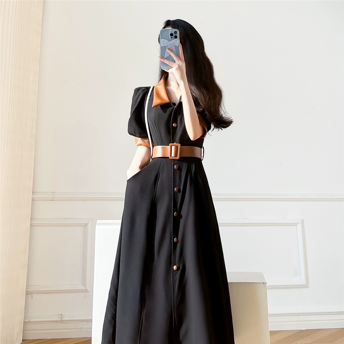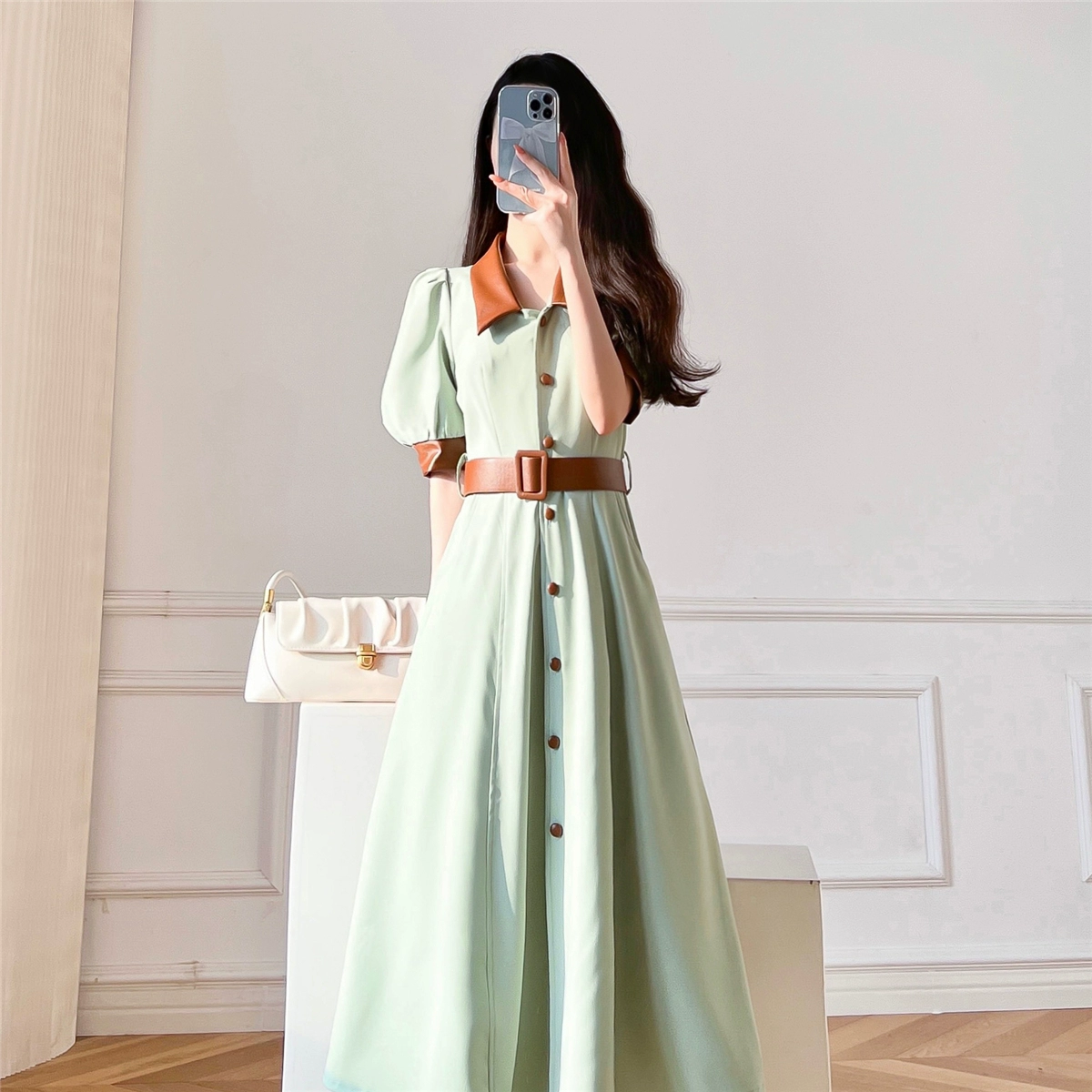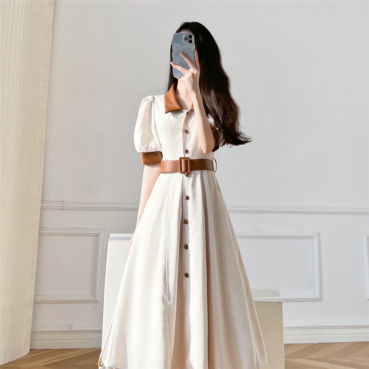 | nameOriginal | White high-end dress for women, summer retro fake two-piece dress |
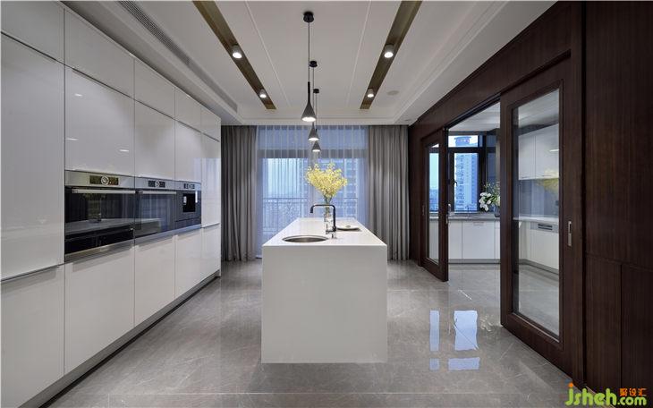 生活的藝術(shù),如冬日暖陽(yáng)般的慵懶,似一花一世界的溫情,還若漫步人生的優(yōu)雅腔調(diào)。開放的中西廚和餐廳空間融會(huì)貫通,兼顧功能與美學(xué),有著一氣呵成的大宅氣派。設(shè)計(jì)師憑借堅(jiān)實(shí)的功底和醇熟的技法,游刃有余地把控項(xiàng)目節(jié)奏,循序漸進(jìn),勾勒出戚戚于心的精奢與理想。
* * *
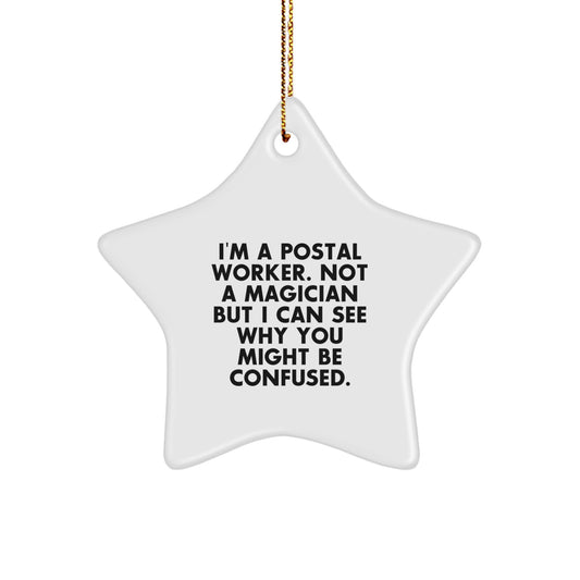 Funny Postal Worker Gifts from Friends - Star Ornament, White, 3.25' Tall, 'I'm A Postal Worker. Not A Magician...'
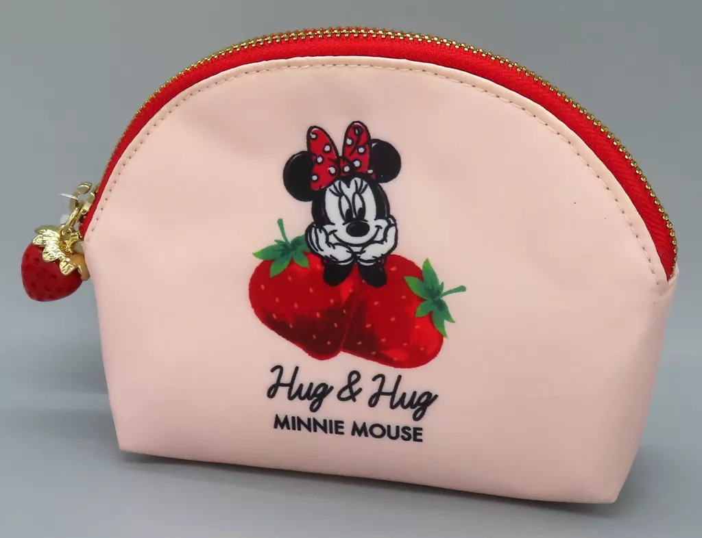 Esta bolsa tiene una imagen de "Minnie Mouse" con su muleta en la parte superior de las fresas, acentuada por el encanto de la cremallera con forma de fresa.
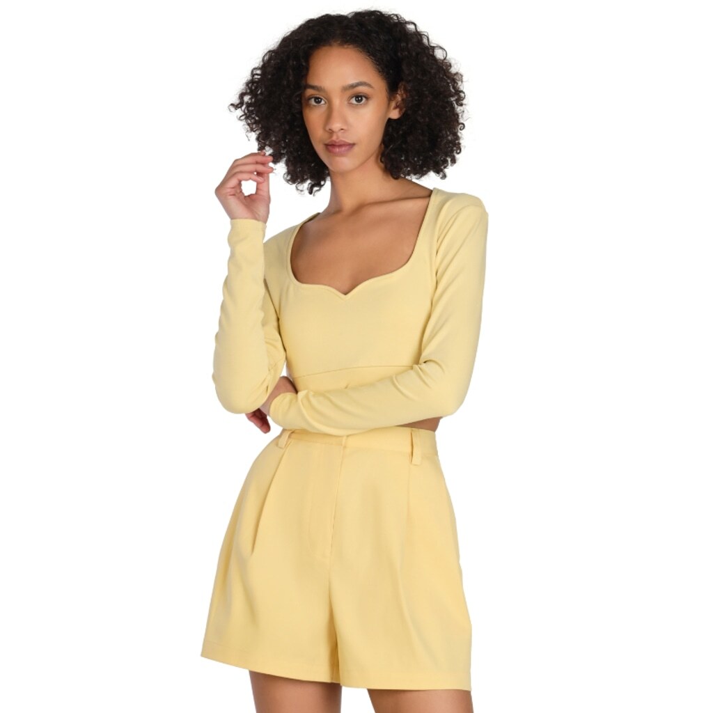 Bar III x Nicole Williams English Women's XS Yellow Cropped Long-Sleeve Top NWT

### [Task to complete]
For this task, return exactly the stretch of the listing above from the line with "Funny Postal Worker" through the line with "Bar III x Nicole", inclusive and without pictures.

### [Answer below]
 Funny Postal Worker Gifts from Friends - Star Ornament, White, 3.25' Tall, 'I'm A Postal Worker. Not A Magician...'
 Esta bolsa tiene una imagen de "Minnie Mouse" con su muleta en la parte superior de las fresas, acentuada por el encanto de la cremallera con forma de fresa.
 Bar III x Nicole Williams English Women's XS Yellow Cropped Long-Sleeve Top NWT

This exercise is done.